А я в тринадцать стала «псиной».
Да, в том возрасте моя внешность и правда оставляла желать лучшего. В дополнение к груди и бедрам, которые вдруг выросли буквально за одну ночь, я обзавелась полным ртом сложного вида металлических и резиновых штук для исправления прикуса. Я носила уже давно не модную стрижку под Дороти Хэмилл, которая совершенно не щадила мое полное лицо. Покупала одежду двух видов – мешковатую и еще мешковатей – и целый год постоянно сутулилась, чтобы прятать грудь. Как Горбун из «Собора Парижской Богоматери», только с прыщами и брекетами. Я чувствовала себя унижением на ножках, сборной солянкой всего, против чего мой папаша целыми днями вел войну. Он вечно гнался за красотой – ее созданием, поддержанием, совершенством. Одно дело – жена, которая лишь слегка недотягивала до идеала… а вот дочь, которая столь вопиющим образом сдала позиции, – это, очевидно, непростительно. И я таки сдала. В тринадцать лет во мне не было ничего красивого, совершенно ни-че-го, и я чувствовала подтверждение этого в жестком, полном ненависти взгляде отца, во всех его словах.
– Кэнни очень смышленая, – услышала я как-то его разговор с партнером по гольфу. – Сможет о себе позаботиться. Не красавица, но умная.

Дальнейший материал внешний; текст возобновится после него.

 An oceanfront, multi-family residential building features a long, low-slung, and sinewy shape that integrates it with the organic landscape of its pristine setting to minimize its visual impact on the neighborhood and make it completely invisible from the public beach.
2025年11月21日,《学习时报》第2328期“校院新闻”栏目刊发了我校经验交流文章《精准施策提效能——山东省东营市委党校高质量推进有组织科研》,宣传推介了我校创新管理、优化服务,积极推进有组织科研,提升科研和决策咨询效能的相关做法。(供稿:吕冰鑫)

Я застыла, не веря своим ушам. А когда наконец поверила, то внутри все сжалось, как случается с жестяной банкой под колесами автомобиля. Я не была ни глупой, ни слепой и знала, что во многом отличалась от Мисс мира, от девушек в фильмах и на плакатах в спальнях мальчиков. Но я помнила его руку на моей макушке, как его борода щекотала мне щеку, когда он меня целовал. Я была его дочерью, его малышкой. Он должен был меня любить. А теперь считал уродиной. Не красавица… Но какой отец не считает свою маленькую дочурку красивой? Только я не была маленькой. И, по всей видимости, больше не была его дочуркой.

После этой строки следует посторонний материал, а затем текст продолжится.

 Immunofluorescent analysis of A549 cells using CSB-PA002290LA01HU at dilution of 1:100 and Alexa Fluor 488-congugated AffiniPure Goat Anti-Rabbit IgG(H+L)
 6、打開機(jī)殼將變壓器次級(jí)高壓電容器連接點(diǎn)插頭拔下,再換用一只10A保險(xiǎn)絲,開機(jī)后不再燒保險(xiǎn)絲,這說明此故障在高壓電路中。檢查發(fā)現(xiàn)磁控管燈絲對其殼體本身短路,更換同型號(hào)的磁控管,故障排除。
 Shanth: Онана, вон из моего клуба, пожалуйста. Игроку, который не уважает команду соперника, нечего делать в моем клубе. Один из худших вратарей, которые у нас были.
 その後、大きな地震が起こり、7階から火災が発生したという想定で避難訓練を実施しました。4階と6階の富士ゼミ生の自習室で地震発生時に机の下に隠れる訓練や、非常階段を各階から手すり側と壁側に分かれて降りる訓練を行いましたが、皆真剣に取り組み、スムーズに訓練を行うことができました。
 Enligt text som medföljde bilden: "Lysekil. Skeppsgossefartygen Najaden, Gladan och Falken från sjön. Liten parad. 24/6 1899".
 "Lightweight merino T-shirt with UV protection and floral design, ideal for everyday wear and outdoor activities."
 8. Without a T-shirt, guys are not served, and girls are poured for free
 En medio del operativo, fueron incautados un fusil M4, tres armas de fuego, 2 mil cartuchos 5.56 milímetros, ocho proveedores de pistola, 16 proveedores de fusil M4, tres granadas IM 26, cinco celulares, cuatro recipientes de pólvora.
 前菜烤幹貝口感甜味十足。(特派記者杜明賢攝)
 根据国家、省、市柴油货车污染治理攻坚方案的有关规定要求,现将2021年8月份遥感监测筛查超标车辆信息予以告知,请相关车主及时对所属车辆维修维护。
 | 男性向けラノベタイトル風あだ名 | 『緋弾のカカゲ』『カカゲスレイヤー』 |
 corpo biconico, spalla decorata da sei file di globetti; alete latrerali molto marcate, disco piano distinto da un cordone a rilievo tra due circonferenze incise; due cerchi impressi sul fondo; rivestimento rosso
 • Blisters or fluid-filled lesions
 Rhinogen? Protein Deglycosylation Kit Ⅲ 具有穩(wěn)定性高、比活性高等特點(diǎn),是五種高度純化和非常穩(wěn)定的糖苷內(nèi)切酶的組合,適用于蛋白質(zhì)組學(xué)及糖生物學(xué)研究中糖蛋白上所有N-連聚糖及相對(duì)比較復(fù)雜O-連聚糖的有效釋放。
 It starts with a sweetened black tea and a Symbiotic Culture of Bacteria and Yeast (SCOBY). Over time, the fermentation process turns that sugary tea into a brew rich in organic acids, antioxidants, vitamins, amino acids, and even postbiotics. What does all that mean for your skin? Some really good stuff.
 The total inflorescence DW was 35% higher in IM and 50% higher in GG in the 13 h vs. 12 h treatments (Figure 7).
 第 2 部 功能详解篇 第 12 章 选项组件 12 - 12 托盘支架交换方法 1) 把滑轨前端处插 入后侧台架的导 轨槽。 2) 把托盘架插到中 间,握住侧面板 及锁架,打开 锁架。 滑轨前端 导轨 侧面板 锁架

Когда я смотрю на свои фотографии того времени – а их, по понятным причинам, всего около четырех, – я вижу застывшее в своих глазах ужасное отчаяние. Пожалуйста, пусть я вам понравлюсь, умоляю я, даже когда пытаюсь спрятаться за рядом кузенов на бар-мицве, под пузырьками джакузи во время вечеринки, растягиваю губы в болезненной от брекетов улыбке, вжимаю голову в шею, горблюсь, чтобы стать короче, меньше.
Пытаюсь исчезнуть.
Много лет спустя, в колледже, когда подруга делилась ужасами своего детства в пригороде, я попыталась объяснить, каково было жить с моим отцом.
– Он был чудовищем, – выпалила я.
Я изучала английскую литературу, разбиралась в Чосере и Шекспире, Джойсе и Прусте. И все еще не могла подобрать лучшего слова.
Лицо подруги стало очень серьезным.
– Он тебя растлевал?
Я чуть не рассмеялась. Уж сколько отец твердил, какая я уродливая, толстая, отвратительная, что в растлении я заподозрила бы его в последнюю очередь.
– Бил?
– Пил слишком много, – сказал я. – И отец нас бросил.
Но чтобы ударил – никогда. Ни разу не поднял ни на кого из нас руку. А если бы поднял, то, может, все сложилось бы куда проще. Тогда сумели бы дать ему имя, классифицировать, разложить по полочкам. Были бы законы, власти, приюты, телевизионные ток-шоу, где репортеры сосредоточенно обсуждали бы наши муки, необъемлемое признание, которое помогло бы нам все пережить и двигаться дальше.
Но он и пальцем нас не тронул. И в тринадцать, в четырнадцать лет я не находила слов для того, что он с нами делал. Даже не знала, как начать такой разговор. И что бы я сказала? Мол, он злой? Злой – это наказания, запрет на телик после ужина, а не ежедневные словесные нападки, которым отец подвергал меня прямо за обеденным столом, язвительное перечисление всех способов, которыми я разбазаривала свой потенциал, пешеходная экскурсия по местам, где я потерпела неудачу.
И кто бы мне поверил? При моих подругах отец был само очарование. Он помнил их имена, даже имена их парней, вежливо расспрашивал о планах на лето и выборе колледжа. Они бы решили, что я выдумываю, а если бы и нет, то захотели бы объяснений. А у меня не было ни объяснений, ни ответов. На поле битвы тебе не доступна такая роскошь, как время на размышления об исторических факторах и социально-политических влияниях, которые привели к войне. Ты просто не высовываешься и пытаешься выжить, засунуть страницы обратно в книгу, закрыть ее и притвориться, что ничего не порвано, не сломано, что все в порядке.